[[ SOURCE DATA open ]]

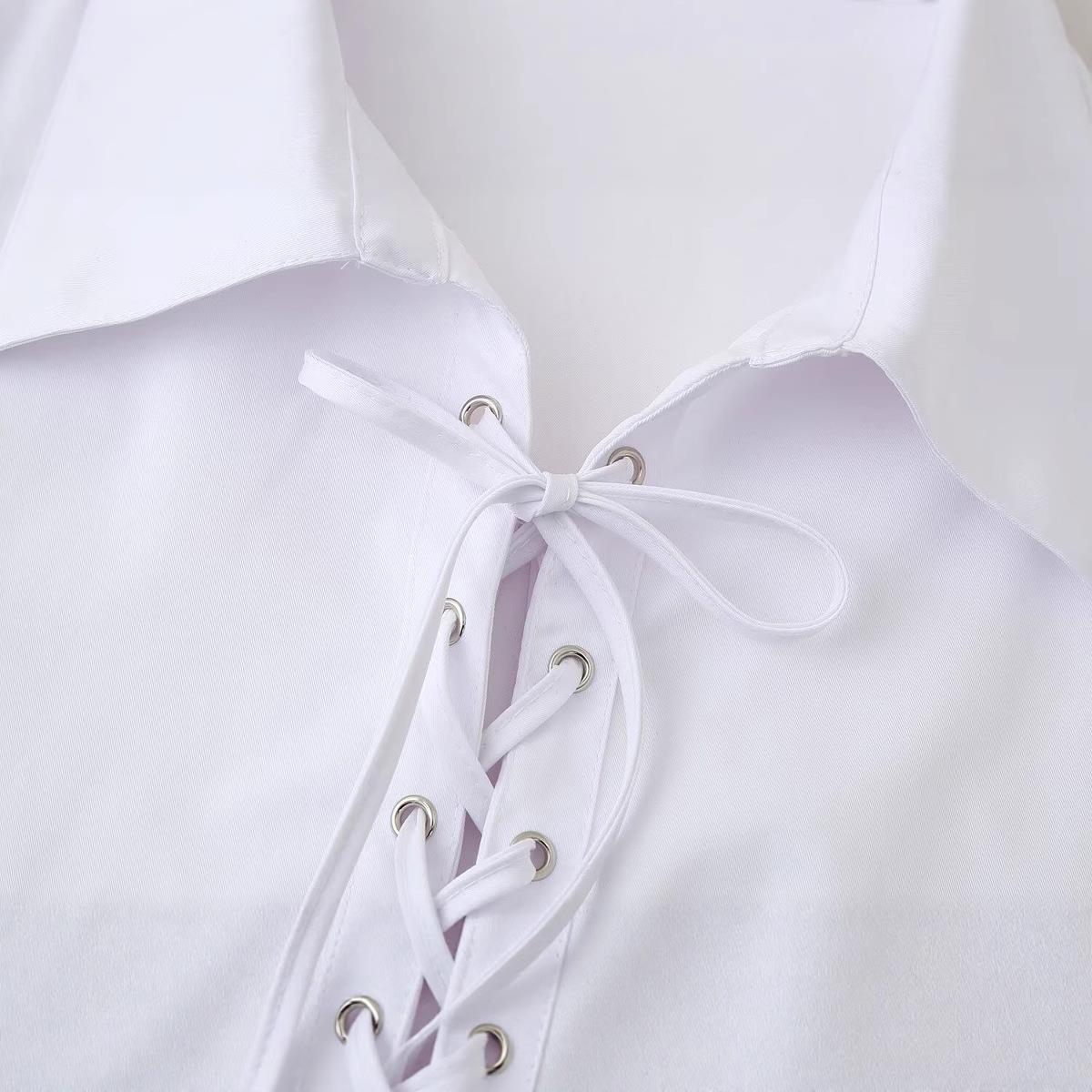 • Women's Long Sleeve Blouse White Polyester Shirt With Lace-up Eyelet V Neck Loose Fit European American Streetwear Style Casual Top For Summer Spring
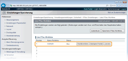 Klicken Sie auf [Löschen] rechts der Richtlinie, die Sie löschen möchten.
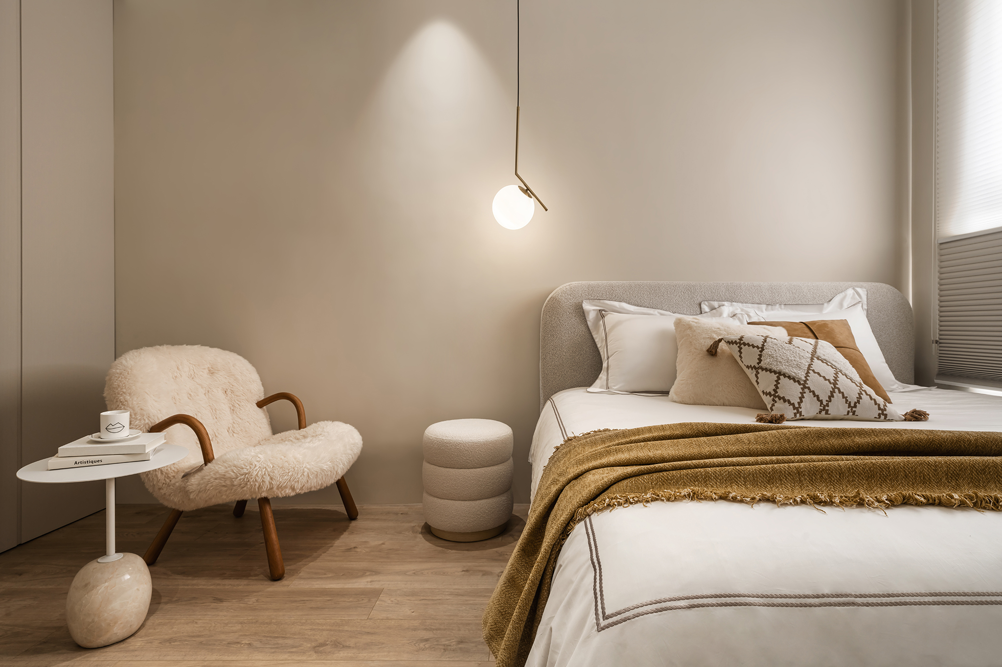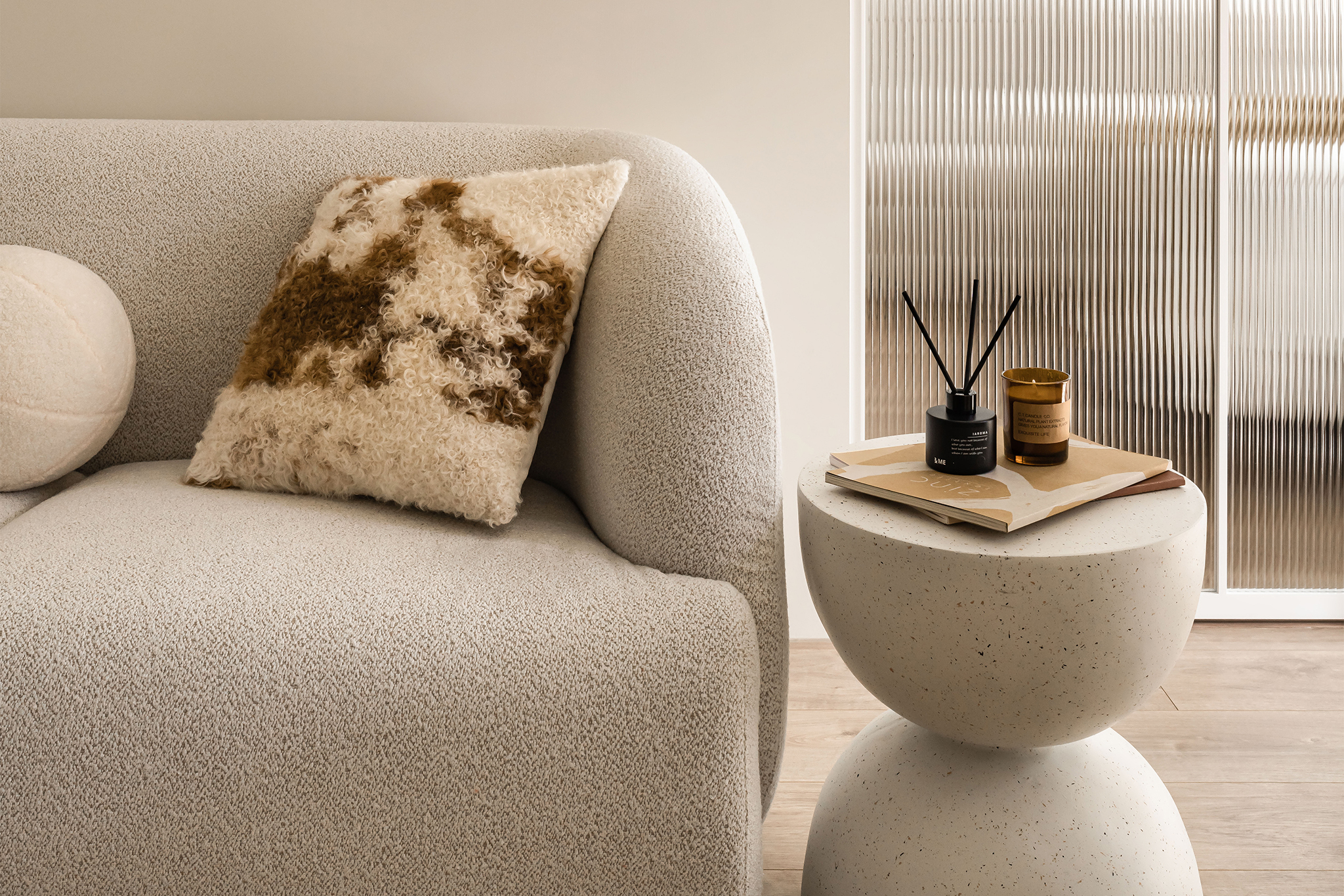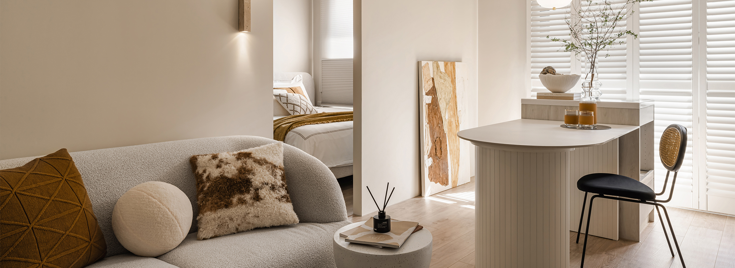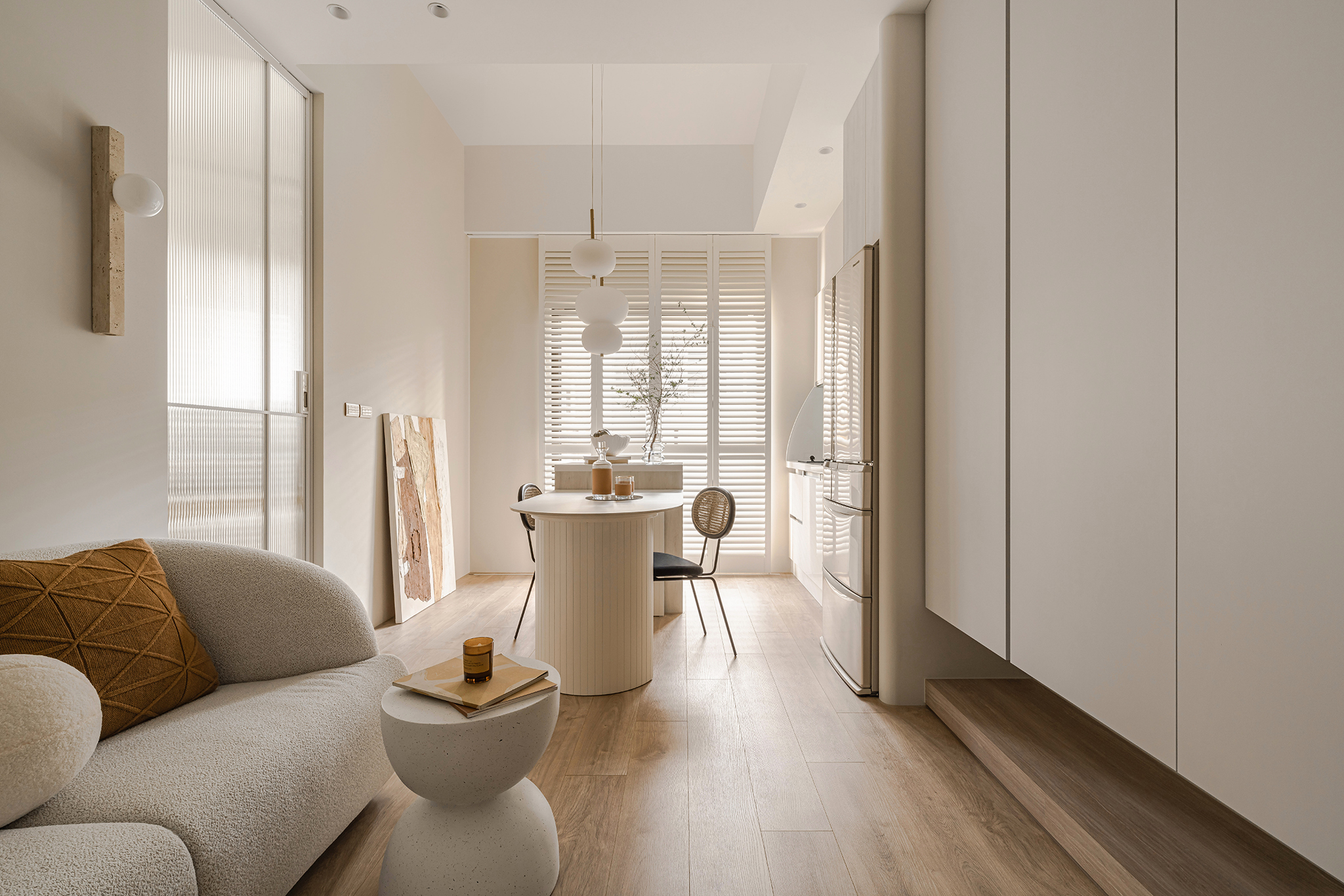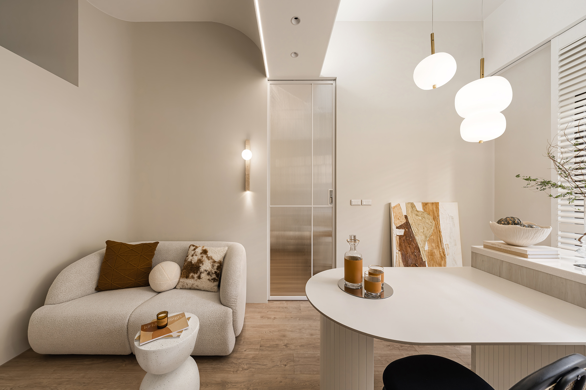 沙發背牆延續玄關的圓弧設計;軟裝選用造型小巧的雙人沙發搭配水磨石小茶几,打造線條柔和的空間,讓新生兒的日常生活也不怕碰撞。
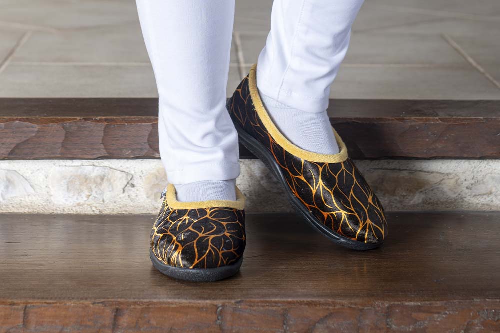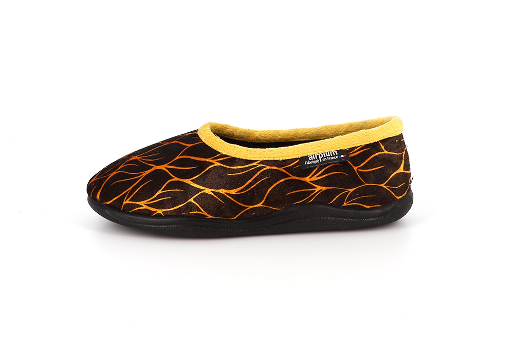 - Chausson d’intersaison idéal avec son dessin de feuilles orange et chaussons d’hiver avec sa forme enveloppante

[[ SOURCE DATA closed ]]

Drop the pictures and reproduce the rest of the data above exactly.

** OUTPUT FOR THIS EXERCISE **
 • Women's Long Sleeve Blouse White Polyester Shirt With Lace-up Eyelet V Neck Loose Fit European American Streetwear Style Casual Top For Summer Spring
 Klicken Sie auf [Löschen] rechts der Richtlinie, die Sie löschen möchten.
 沙發背牆延續玄關的圓弧設計;軟裝選用造型小巧的雙人沙發搭配水磨石小茶几,打造線條柔和的空間,讓新生兒的日常生活也不怕碰撞。
 - Chausson d’intersaison idéal avec son dessin de feuilles orange et chaussons d’hiver avec sa forme enveloppante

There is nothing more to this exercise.